Jaksa menuntut agar majelis hakim menjatuhkan hukuman 16 tahun penjara terhadap Syahrial Alamsyah alias Abu Rara, terduga teroris yang menyerang Ketua Watimpres Wiranto. Sidang tuntutan jaksa ini dilangsungkan pada Kamis (11/6) kemarin.

"Sidang tuntutannya sudah digelar tanggal 11 Juni 2020.Terdakwa Syahrial Alamsyah alias Abu Rara pidana penjara selama 16 tahun penjara dikurangi selama terdakwa berada dalam tahanan," kata Kasie Intel Kejaksaan Negeri Jakarta Barat, Edwin Beslar saat dikonfirmasi, Selasa (16/6).

Edwin Beslar menerangkan, Jaksa Penuntut Umum (JPU) menyatakan terdakwa bersalah secara sah dan meyakinkan melakukan tindak pidana terorisme.

"Abu Rara terbukti melanggar Pasal 15 Jo Pasal 16 jo Pasal 16 A Undang-Undang Nomor 5 tahun 2018 tentang Pemberantasan Tindak Pidana Terorisme," ujar dia.

Sementara itu, tuntutan lebih ringan diberikan kepada istri Abu Rara, yakni Fitri Diana alias Fitri Adriana. Menurut Edwin, JPU menuntut majelis hakim menjatuhi hukuman selama 12 tahun penjara.

"Fitri Diana empat tahun lebih ringan," ujar dia.

Edwin menerangkan, sidang lanjutan akan digelar pada Kamis 18 Juni 2020 mendatang. "Agendanya pledoi (pembelaan) dari penasehat hukum para terdakwa," ucap dia.

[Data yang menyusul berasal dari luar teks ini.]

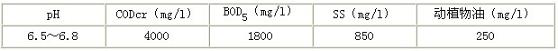 生產工藝中產生的廢水水質為:

Dalam dakwaan yang dibacakan Jaksa Penuntut Umum Herry Wiyanto, terdakwa Syahrial Alamsyah alias Abu Rara mengajak istrinya Fitria Diana, dan anaknya RAL untuk melakukan amaliyah di Gapura Alun-alun Menes, Desa Purwarja, Kecamatan Menes, Kabupaten Pandeglang Banten pada 10 Oktober 2019.

Wiranto yang sedang berkunjung ke tempat tersebut menjadi korban. Abu Rara menikam perut Wiranto dengan pisau kunai. Sementara istri Abu Rara, melukai seorang polisi bernama Kompol Dariyanto.